How do I create and use a keyboard hook to trigger VBA macros?

This is related to the questions "How do I trigger a macro when someone types" or "Is there a typing event in VBA for MS Word". The answer has generally been you need to create a winAPI keyboard hook and use it to trigger your macro - but none of the answers I could find actually told us HOW to create the hook and none of the example code I could find would work. Most of the google results I could find on this topic lead to 404's or moved articles.

Edit: The end goal is to be able to fire an event any time the document body changes, so run a function any time a single letter key is pressed, and to use the number keys 0 to 9 as hotkeys without using Ctrl, Alt, or any modifier keys.

Could someone who has a better grasp of VBA keyboard hooks please post an example of a macro function that is triggered by any keypress? Or by pressing particular keys?

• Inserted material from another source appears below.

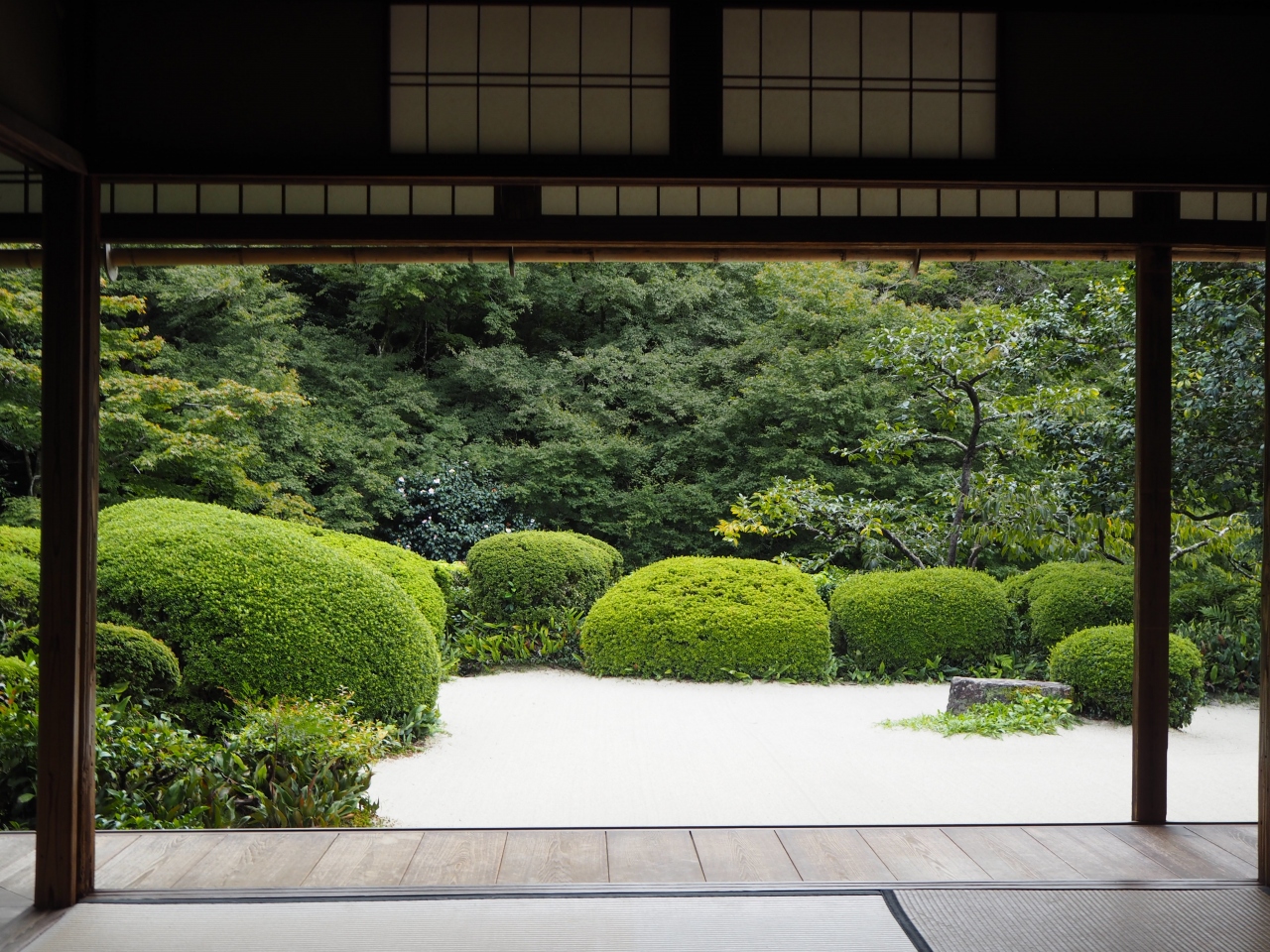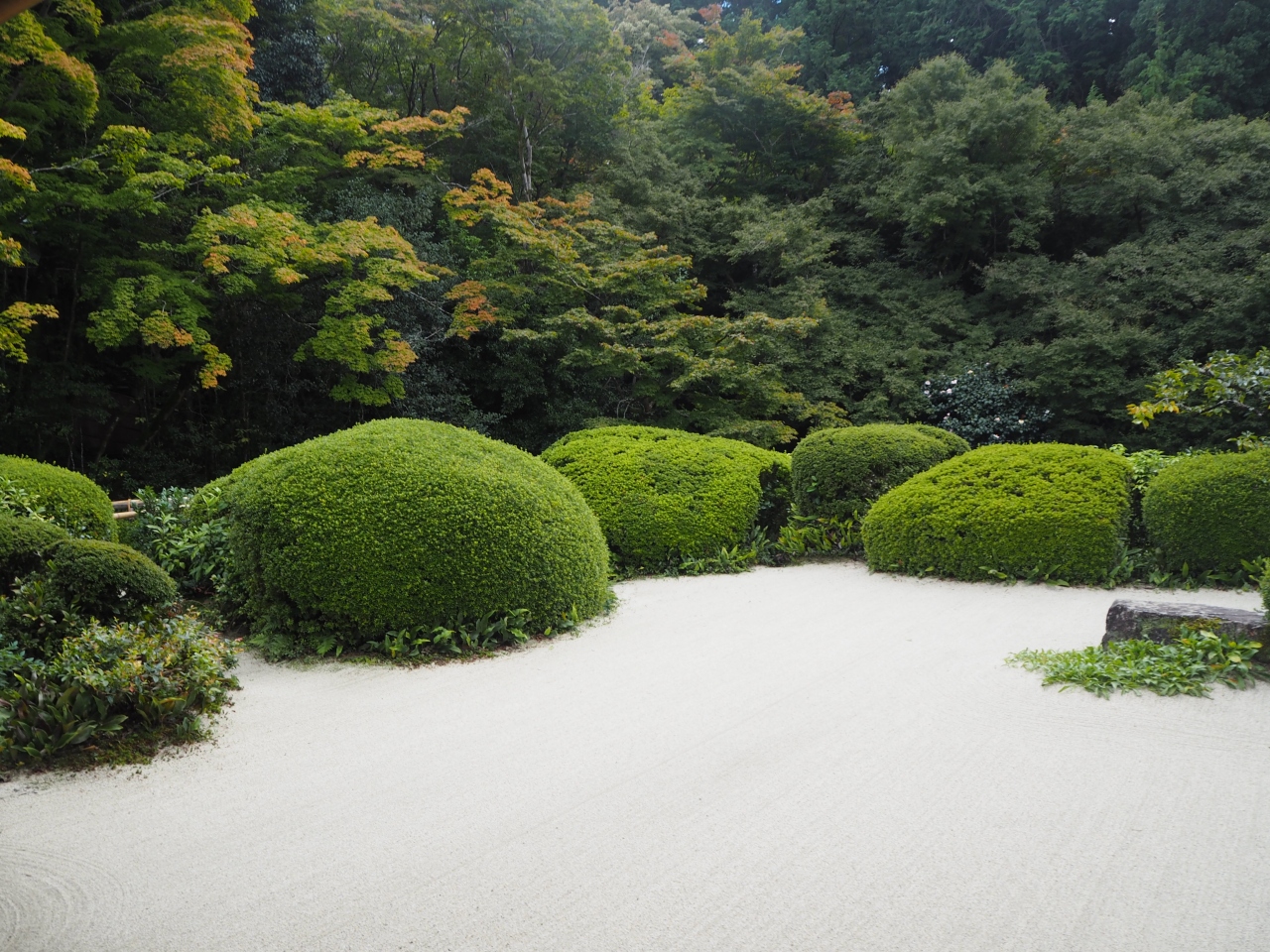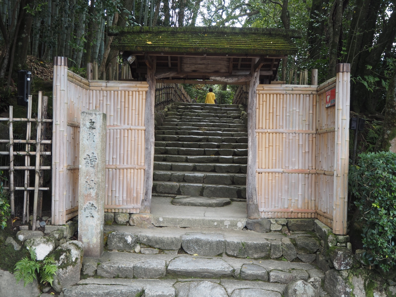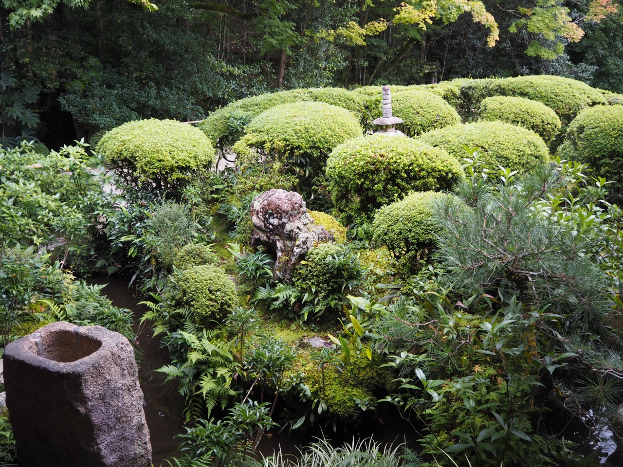 詩仙堂は一乗寺駅から東へと歩いて10分ほどです。詩仙堂は庭園がおすすめですが、邸内からの庭園の眺めもいいですが、庭へと降りて歩いて見るのもいいです。庭は結構奥行きがあります。紅葉はこれからという感じで、一部葉が色付き始めていました。平日の昼過ぎであったので、訪れる人も少なく、ゆっくりと庭園を楽しめました。

  • by keyboard "hook" do you mean a keyboard shortcut key? – Prasanna Sep 9 '15 at 15:08
  • record a macro with a shortcut, then put your macro into that – Raystafarian Sep 9 '15 at 15:10
  • The regular way of using keyboard shortcuts won't work for my application, eg using Alt+1, or Ctrl+enter and assigning them to the macro. I need to run a macro every time the document text changes eg every time a letter or number key is pressed, which requires setting "a", "b", "c", etc as hotkeys. Not only would this be very messy but the normal setting hotkeys to macros method doesn't work. I'm talking about a winAPI keyboard hook, through system32.dll. I've found it mentioned in several similar questions but yet to find any decent example that I could get working. – user6212 Sep 9 '15 at 15:33
  • *By "setting normal hotkeys doesn't work" I meant it doesn't work for single keys, it will only let you set key-combos with alt, ctrl, shift, etc. Worksheet_Change(ByVal Target As Range) looks perfect if I was using excel, but I need this for microsoft word. – user6212 Sep 9 '15 at 16:04
  • There is no "document change" event for word. Just FYI – Raystafarian Sep 10 '15 at 15:20

This was done on 2010, but should be similar for 2007.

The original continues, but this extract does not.